◆ **Assignment**
Exactly the lines from the beginning of the records below through the line with "Работу планируют закончить" must be given again, without pictures.

◆ **Given entries**
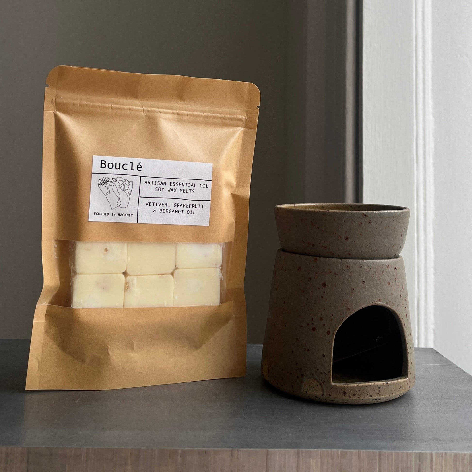 We have collaborated with Faye Twinn at Twinn Pottery to bring new exclusive hand thrown ceramic oil burners to Bouclé. To create the perfect gift set we have put together the beautiful burners alongside a set of 9 essential oil wax melts.
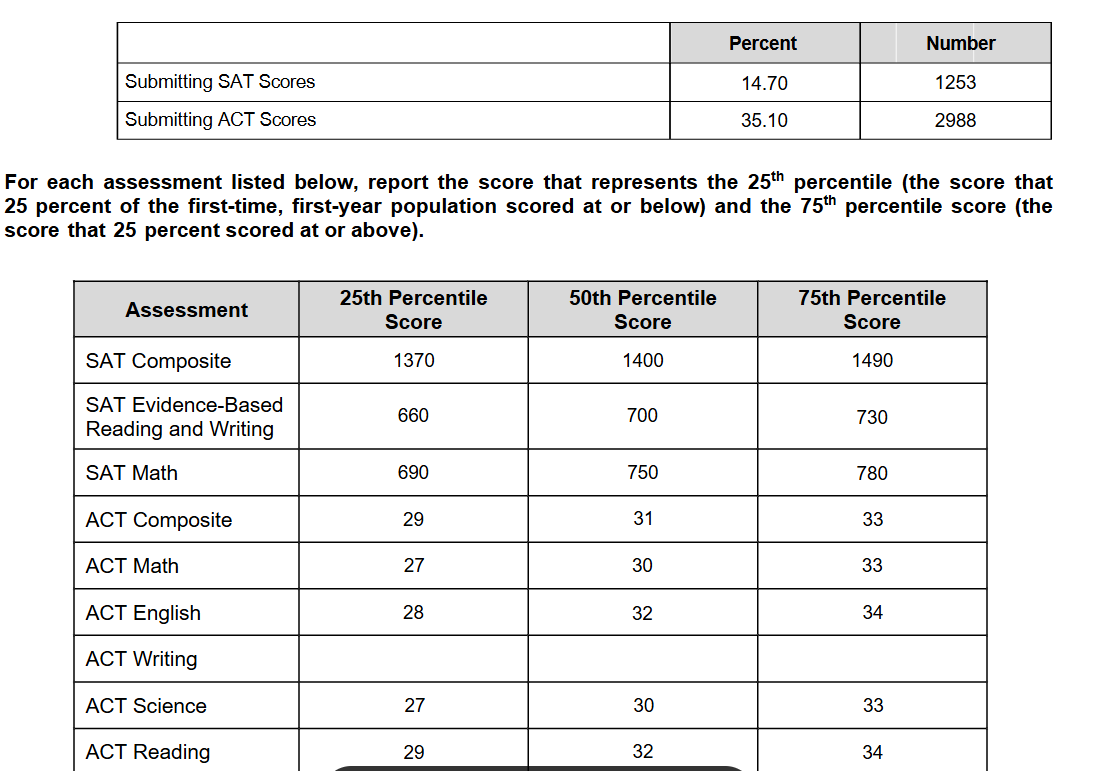 • What is the middle 50% SAT/ACT range?
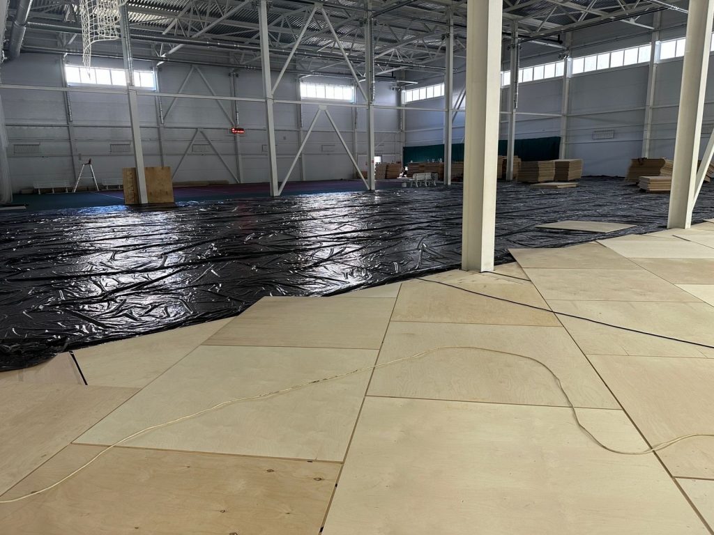 Работу планируют закончить к середине августа. В зале появится возможность для занятий волейболом и баскетболом.
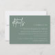 vår anpassade infogningskort med detaljer har enkel, handskriven stil - perfekt för att informera dina gäster om ytterligare detaljer för ditt bröllop eller evenemang. Denna artikel är en del av vår bröllopssvit Hunter H100, vänligen besök vår butik för matchande produkter.
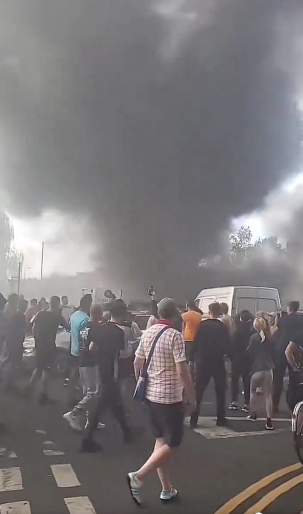 And no sooner than I write that, than the English rebels set a police station on fire.
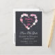 Ett magiskt tema för ett spara-datum bröllopspåminnelse vykort. Designat med en romantisk illustration av en massa små rosa glittrande hjärtan som formar en hjärtformad ram. Inuti står det "Lyckliga För Evigt" i en trendig handskriven teckensnittsstil. Satt på en svart tavla bakgrund. Personifiera med dina bröllopsdetaljer på framsida och baksida.

◆ **Written answer**
 We have collaborated with Faye Twinn at Twinn Pottery to bring new exclusive hand thrown ceramic oil burners to Bouclé. To create the perfect gift set we have put together the beautiful burners alongside a set of 9 essential oil wax melts.
 • What is the middle 50% SAT/ACT range?
 Работу планируют закончить к середине августа. В зале появится возможность для занятий волейболом и баскетболом.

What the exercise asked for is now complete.